Ведь в жизни есть что-то гораздо важнее, чем держать весь мир в своей руке. Это естественно достигать чего-то, стремиться к мечте. Моя мама утверждает, что все это закаляет нас, дает нам силы, которые столь необходимы, чтобы достойно продержаться на американских горках, именуемые жизнью. Возможно, это те самые слова, с которыми она вынуждена идти всю свою жизнь, чтобы преодолеть все те страдания, которыми Бог счел нужным одарить ее — редкая форма расстройства блуждающего нерва. Вследствие которого ее тело слишком остро реагирует даже на самый незначительный стресс, проблемы с сердцем, из-за которых даже обыденные вещи становятся сравнимы с восхождением на Эверест, а еще и синдром Гийена- Барре, вечную борьбу с которым она посчитала забавным прекратить в этом году.

Мама также всегда говорила, что жизнь порой бывает, несправедлива к каждому. У всех из нас имеются свои проблемы, и мериться ими, лишено всякого смысла. Она добавляла, что если все, что у нас останется — это только мы, этого будет больше, чем достаточно. У нас не особо много денег, недвижимости, и другого, чем можно похвастаться, но у нас есть наша любовь и верность, ничего другого в жизни и не нужно.

Прищурившись, я всматриваюсь в звездное покрывало надо мной, уделяя особое внимание созвездию Кассиопеи и хорошо просматриваемому участку Млечного пути, который проходит сквозь него, до тех пор... пока в задней части поместья Монро не вспыхивает свет.

Через мгновение я слышу звук открывающейся двери, которая затем захлопывается с такой силой, что от удара рябит поверхность воды.
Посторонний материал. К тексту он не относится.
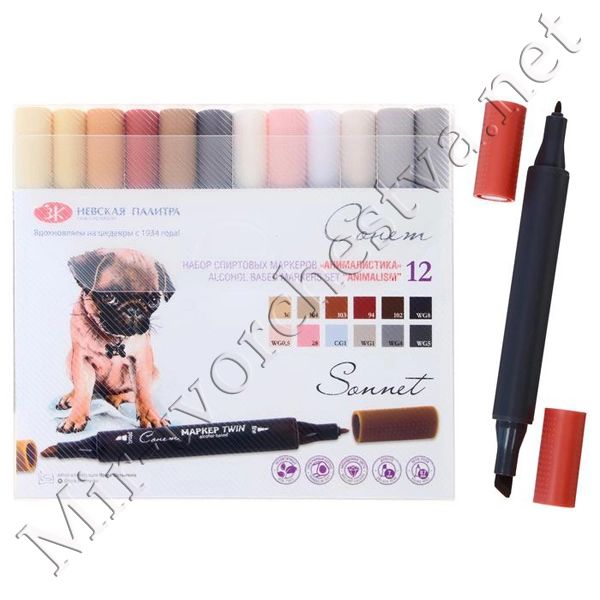 Набор спиртовых маркеров "Анималистика", 12 цветов, Сонет
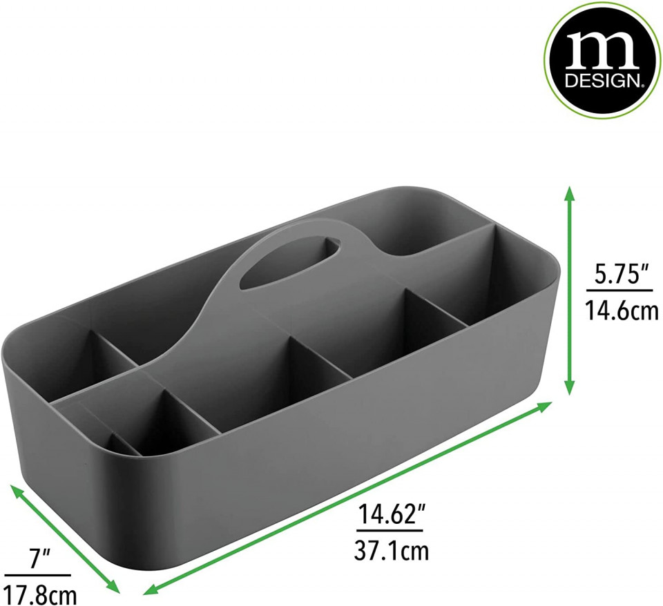 Organizator pentru baie mDesign, plastic, gri, 37,1 x 17,8 x 14,6 cm
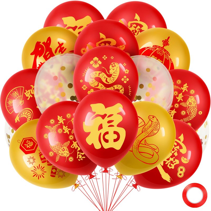 - 🎈Unique Chinese New Year Designs: These Chinese new year party decoration balloons are designed with ten different elaborate patterns and characters, includes Fu character, lantern, snake, Chinese knots, gold coins, fish and so on, taking red & gold as theme colors, which means luck, joy, happiness, full of strong Chinese characteristics.
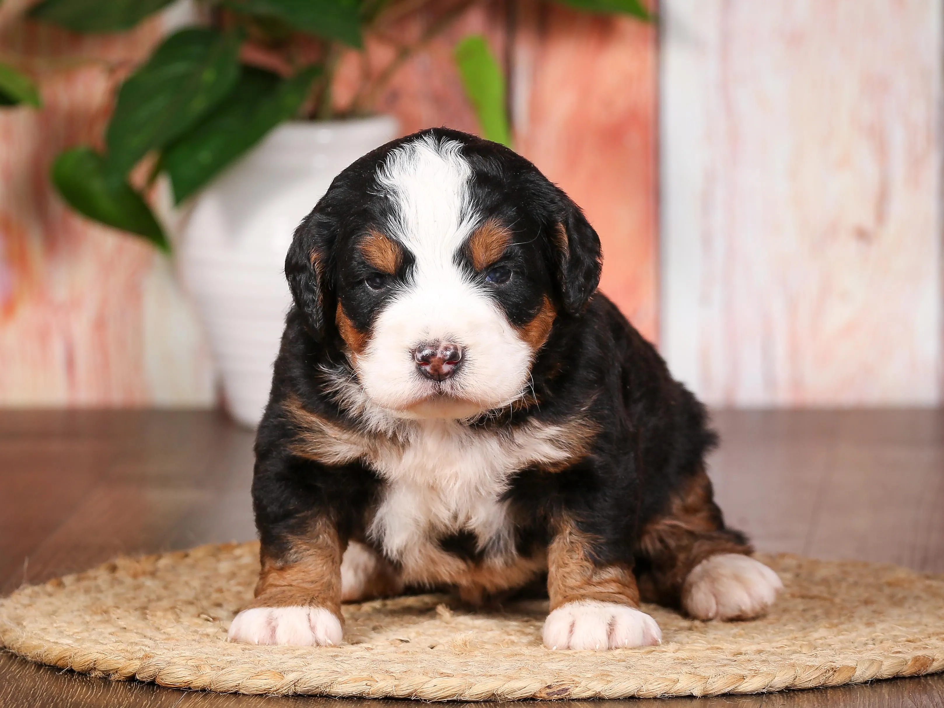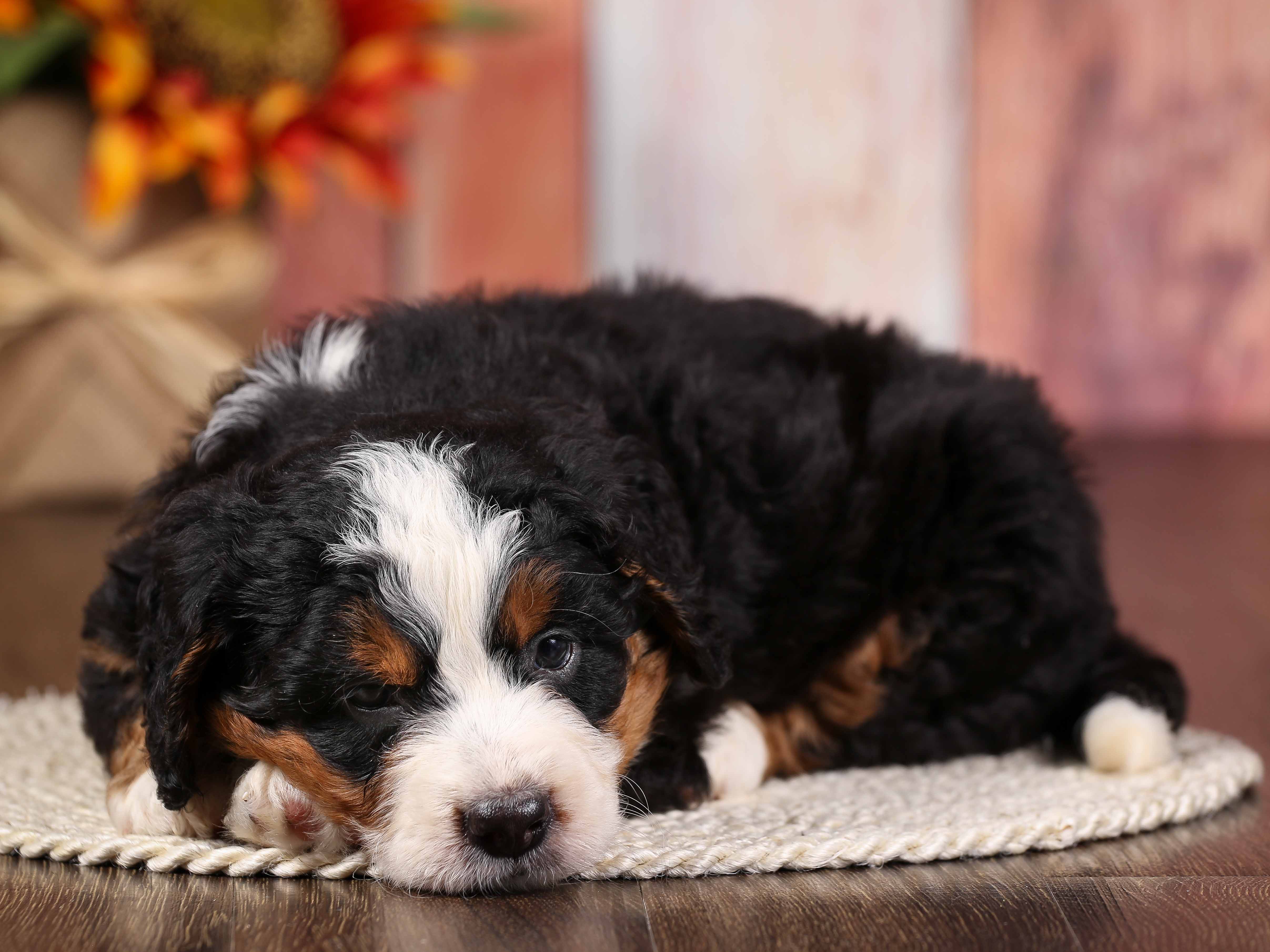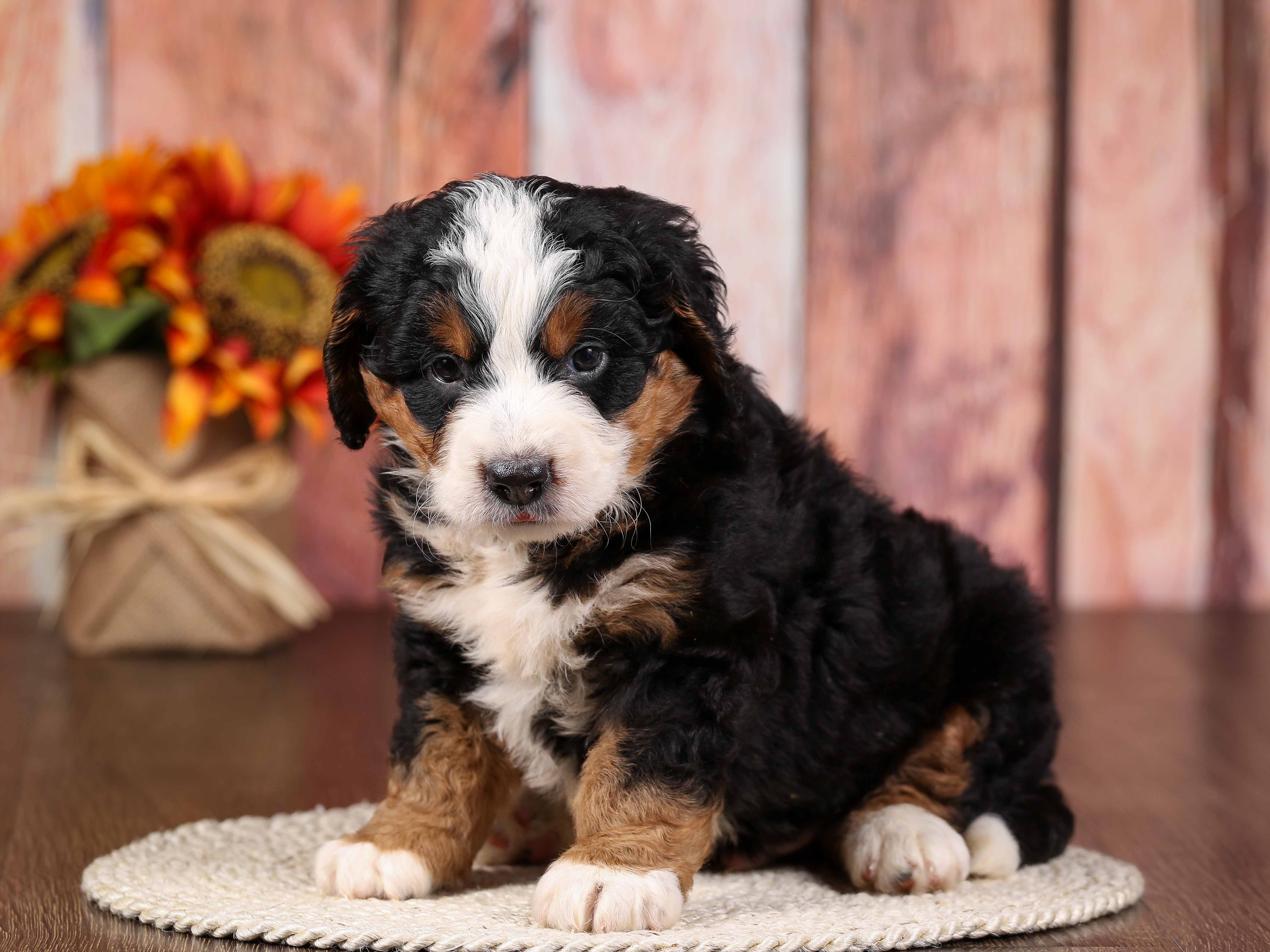 Bryan is a F1 Mini Bernedoodle born to & on August 4, 2025.

Мое сердце начинает бешено биться, и отдается свистом в ушах, заглушая мои беспорядочные мысли.

Собравшись, я плыву к ближайшему бортику, наполовину скрытому искусственным водопадом, ниспадающим в каменный грот.

Стремительные и твердые шаги становятся все громче и ближе.

Я задерживаю дыхание и зажмуриваюсь, словно это может помочь мне остаться незамеченной.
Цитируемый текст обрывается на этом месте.